October 15

Chapter 5- When in Doubt, Shut Your Mouth and Take a Breath

Such good advice! Shut Your Mouth- I need to heed this more often πŸ™‚ Often times we escalate the problems just by talking, even if we are talking in a calm tone of voice.

“Just Breathe” is a phrase I have seen many times over that past few years. It is a phrase told to people who are grieving, to help them through difficult times. We tell it to people frequently when they are melting down. We may even tell it to ourselves when we have to deal with people who are dis-regulated, as a reminder to say calm ourselves. Our bodies and brains require oxygen to allow our systems to work properly. We know that when we are melting down or “flipping our lids” our brains are not working to their full capacity. Simply taking a few deep breaths can help get our brains back on track and thinking once again.

Pete’s Practice brings us on a journey to determine our triggers within a classroom/school setting. He also makes the comment that there triggers are going to present themselves and we shouldn’t be surprised that they are happening. What we should do is spend time preparing for them so that when the time comes, we are able to deal with them effectively and in a calm manner that does not escalate the situation further.

What inner peace activities do you do to help you when the time comes to respond to an escalated situation?

For me, simply exercising regularly is very helpful. It helps me get the tension out of my body and allows me to be flooded with oxygen and energy. Maybe following the breathing activity outlined by Kristin at least three times a week would help as well.

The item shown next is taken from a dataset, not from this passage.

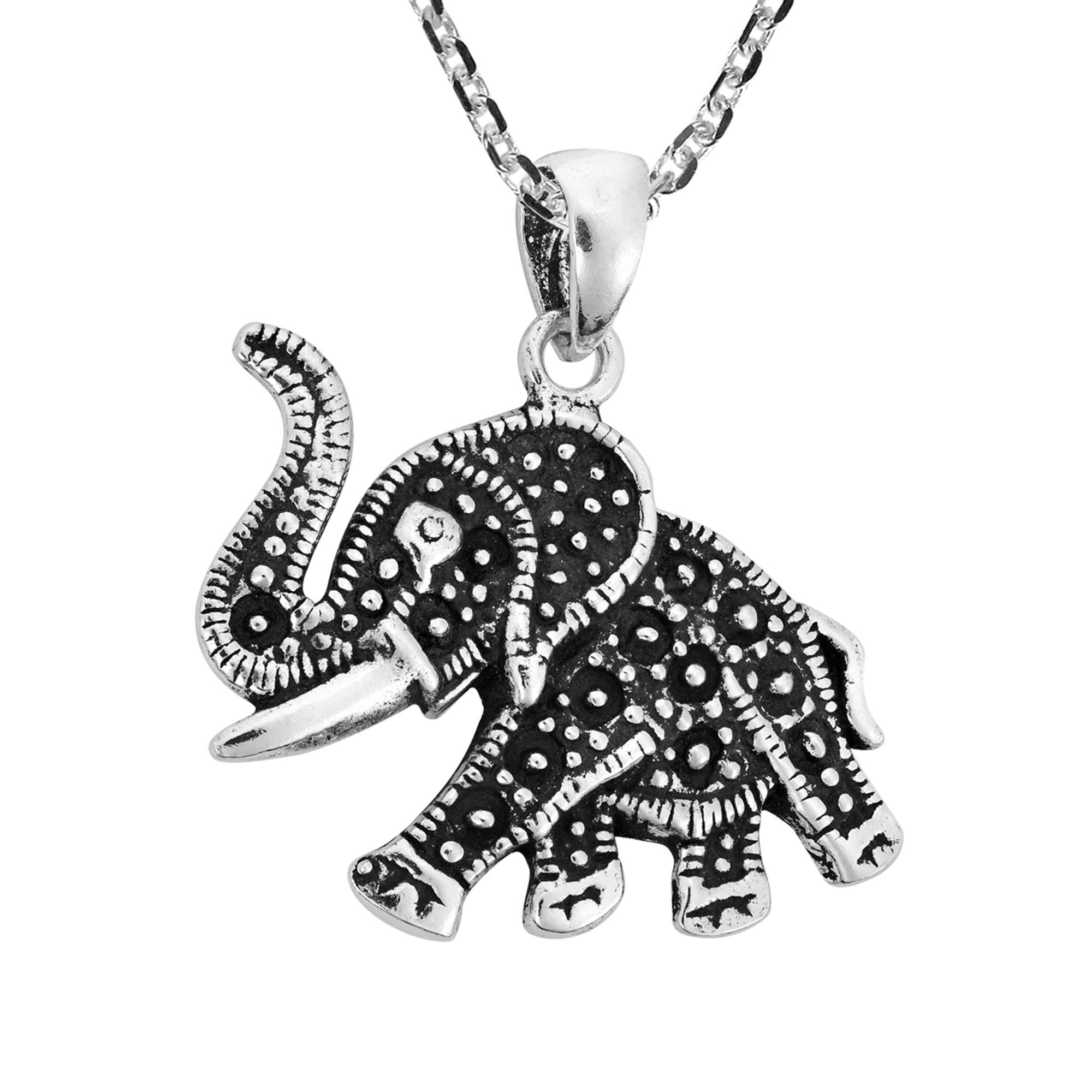The majestic elephant is a revered animal in Thailand and is important to both the history and culture of the country. This has inspired Thai artisan Watsud to create this stunning necklace featuring a powerful elephant pendant. Handcrafted from fine sterling silver, this pendant features dark and shiny silver finishes, which help define the fine details of the design. All set on a sterling silver cable chain that measures 18 inches long with a spring ring closure. Symbolizing strength and wisdom, this beautifully handcrafted necklace will look amazing with whatever you are wearing.

Maybe it would center my thoughts and emotions better so that I can come to a trigger and have a better chance of making it through to the other side with all involved unscathed.

 

My Goal from this chapter- complete the breathing activity on Monday, Wednesday and Friday after karate or the boys are in bed. Write about how this makes you feel after 1 week, 2 weeks, etc. Try this for a month and continue if you find it has helped.

 

Could you write yourself a goal to help you better respond in frustrating situations?


Posted October 15, 2017 by tiebcmembers in category Fostering Resilient Learners

4 thoughts on “Chapter 5- When in Doubt, Shut Your Mouth and Take a Breath

  1. Rhonda

    This isn’t exactly inner peace but when the time comes to respond to an escalated situation, I fall back onto my CPI – non-violent crisis intervention – training which has come in handy many times throughout my career. My shoulders go back, my hands go flat by my sides, I put one foot in front of the other and understand that this is not about me. I love to be outside and know that this is where I get filled up in order to be able to deal with these situations. Hiking in the clean mountain air, marvelling at mother nature and enjoying the peace. To help me better respond in frustrating situations, I need to continue my own self-care. I found myself doing work – in my head – while hiking this weekend. Yikes! I would like to be more mindful while hiking in order to enjoy the hiking and thus be prepared to work at work.

    Reply
    1. tiebcmembers (Post author)

      One of the times when I catch myself thinking about work is usually when in the shower! That’s when I forget if I have even shampooed my hair! One thing that I really need to work on is calming myself before getting involved in escalated situations. I find that I get sucked in so easily. Taking a breath and shutting my mouth has been working well in situations with my son, helping us to have way better mornings together πŸ™‚

      Reply
  2. Maureen

    When working with a student or adult in a crisis, I think I do a good job with staying calm, listening and breathing. I find myself, someitmes at a loss for words, but know that just being there for them is good enough. Through CPI training, I realized it is the debrief after the situation that is so important. Important for learning and imporant to understand how to move forward and know what you did was good enough.

    I was recently in a situation where I was asked to meet with the admin team. I didn’t think anything of it as I meet with them often. I took in my notebook and pen and was ready to help with whatever it was we were going to talk about. Well the topic was me. I was shocked. I have had some changes in my life and thought I was doing okay. Apparently I wasn’t as my colleagues had noticed that I wasn’t myself. I needed time to reflect, debrief and breathe. I noticed that I wasn’t exercising as much and was out of routine. For me, having my own routine which includes exercise, helps me stay focused and help others. I guess I don’t hide as good as I think I do and I am grateful for colleagues and friends that help me listen, reflect and breathe through my own life and changing circumstances.

    Reply
    1. tiebcmembers (Post author)

      I had a similar situation a few years ago after my step-father passed away suddenly. We went back for the funeral where I tried to be the rock my Mom needed and when I got back home again, I went straight back into work. I did not give myself the time I needed to fully grieve my step-dad. Things at work did not go well for me. I was testy and unfocused. I really struggled to keep myself in check. Finally I decided that enough was enough. It was time to take care of myself and let myself grieve. I ended up taking off a month on a stress leave. During this time, I let myself grieve. I talked with a counselor, took time to write my feelings down and enjoyed some time with my family. It makes me realize how important it is to take care of myself in order to work with others to the best of my ability.